Один из авторитетов «молниеносных» Еврей умер в туалете от ножевой раны. Но самое страшное — погиб в неожиданно возникшей перестрелке Костя Пастухов, изображавший подвыпившего верзилу, который прорывался в театр на светский раут.
— Коростылев! — Митрошин рвал и метал.
Коростылев благоразумно топтался поодаль, не приближаясь к майору.
— Ты почему полез на рожон без сигнала?
— Вся охрана собралась вокруг Костика, я и побежал…
— Удод! Куда ты полез в туалет, когда автобус со штурмовым отрядом еще не вышел на исходную?
— Дак стрельба пошла!
— Уволю! Засажу! Смотри, что наворочено!
— Не из-за меня же! — наконец возмутился Коростылев, трогая вспухший синяком глаз. — Они тут сами лупцевались вовсю! Мы вышибли окно и полезли внутрь минуты через две после начала бойни!
— Не ори на начальство!
Из наехавших машин скорой помощи выбегали озабоченные врачи, делали уколы болеутоляющего, на носилках уносили тяжелораненых.
— Воробьев. — Митрошин нашел глазами оперативника Воробьева. — Когда вы полезли в выбитое окно?
Воробьев пожал плечами.
— Я сам видел, как Коростылев жеребцом в одиночку понесся от магазина к театру, а вы рванули следом!
— Виталий Олегович, ей-богу, не выбивал я стекол во фрамуге, пока не началась стрельба! — ныл Коростылев.
Митрошин махнул рукой и пошел вон из разоренного вестибюля. К нему бежал заместитель Аросьев с трубкой сотового телефона.
— Что там?
— Губернатор.
— Уже доложили… Алло, Вениамин Сергеевич… Да, ЧП, да, прозевали… Да, я, Вениамин… Что я мог?.. Слушаюсь.
Митрошин беспомощно огляделся, нашел взглядом Асю — та вышла из фургончика видеонаблюдения, где стояли мониторы. Она развела руками.
— Ничего. Оргункова и Сотова в кадре нет, только Евреинов.
— Сволочи, знали, что ли… Я к губернатору.
Митрошин открыл заднюю дверцу своего служебного авто, собираясь садиться, но зам Аросьев кинулся к нему, протягивая трубку смартфона.
— Москва.
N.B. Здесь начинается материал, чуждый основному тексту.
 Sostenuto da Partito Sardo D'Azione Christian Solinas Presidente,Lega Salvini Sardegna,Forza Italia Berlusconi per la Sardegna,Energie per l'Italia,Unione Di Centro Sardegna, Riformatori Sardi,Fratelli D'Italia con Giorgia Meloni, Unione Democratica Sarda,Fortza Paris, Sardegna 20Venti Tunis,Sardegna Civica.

Министр.
— Нет! — рявкнул Митрошин. — Я уехал.
— И что ты туда полез? — Ася подошла к задумчивому, с подбитым глазом Коростылеву.
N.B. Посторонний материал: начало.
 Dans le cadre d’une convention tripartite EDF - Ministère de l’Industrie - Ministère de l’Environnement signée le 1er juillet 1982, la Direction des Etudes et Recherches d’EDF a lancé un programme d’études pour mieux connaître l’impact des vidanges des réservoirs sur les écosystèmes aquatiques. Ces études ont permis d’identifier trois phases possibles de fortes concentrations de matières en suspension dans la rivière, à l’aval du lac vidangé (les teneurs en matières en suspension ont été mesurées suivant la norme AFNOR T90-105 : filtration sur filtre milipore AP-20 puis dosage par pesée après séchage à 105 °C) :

— Надо было еще быстрее бежать. Не успел!
— Брось, Коля! Теперь на тебя стрелки переводить начнут.
— А я говорю, что выбил раму только тогда, когда там, у главного входа, затрещали автоматы! Я ждал сигнала, даже когда из пистолетов стреляли. А сигнала не было.
— Успокойся, все.
— Там, наверное, Костик надебоширил.
— Гости говорят, налет был! Ворвались мужики с пистолетами, давай мочить всех без разбору, — сказал шофер Сикорский.
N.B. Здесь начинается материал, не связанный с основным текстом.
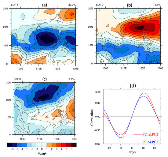 A number of studies have demonstrated that the BSISO over the SCS has two significant periods of intraseasonal oscillation, one of approximately 10–25 days and another of around 30–60 days. To extract BSISO signals, a bandpass filter was applied to daily anomalies (removing climatology from the daily mean) of variables, including OLR, wind, and precipitation [11,19]. We chose the Lanczos bandpass filter to process 21 years of OLR data by virtue of its advantages for computing long timescales [25,26]. Figure 1a–c shows 30–60-day bandpass-filtered OLR anomalies based on empirical orthogonal function (EOF) analysis, representing the location of deep convection in BSISO phases. These three EOF modes explain approximately two-thirds of the total variance (EOF1, 30.3%; EOF2, 18.8%; EOF3, 9.9%). This shows that BSISO-related convection originates from the equatorial western Pacific, strengthens at around 15° N, and dissipates over subtropical mainland China. Cross-correlation between the first and second principal components (PC1 and PC2, i.e., the solid red line in Figure 1d) is minimized (maximized) when PC2 lags (leads) PC1 by approximately 10 days. Principal components PC2 and PC3 (the solid blue line in Figure 1d) suggest that the lifecycle of the BSISO is around 40–60 days.

— Ша, тихо! Ася, что, Молния снова ушел? — Коростылев не скрывал раздражения.
— Ушел. Руки коротки у нас его достать.
— А этот гомик Соболев…
— Коля, во-первых, не ругайся, во-вторых, что ты так на Мишу взъелся?
— Он такой же козел, как Оргунков. Даже хуже! Не забывай про брелок!
— Кстати, надо Мишу найти и переговорить насчет брелока.
— Не говорить с ним надо, а вязать и в СИЗО, там во всем сознается.
К драмтеатру, воя сиреной, подлетел дежурный уазик. Ася почувствовала необъяснимую тревогу.
— Антонова!
— Что?
— Поехали! Твоего дядьку убили! Только что! — Мать моя! — Асе стало душно. Голова закружилась.
Коростылев успел придержать ее. Сжав плечи, Коля шепнул:
— Крепись, следак!
— Коля…
Не чувствуя ничего, Ася пошла к уазику.
— Как его?
Дежурный опер смотрел в сторону.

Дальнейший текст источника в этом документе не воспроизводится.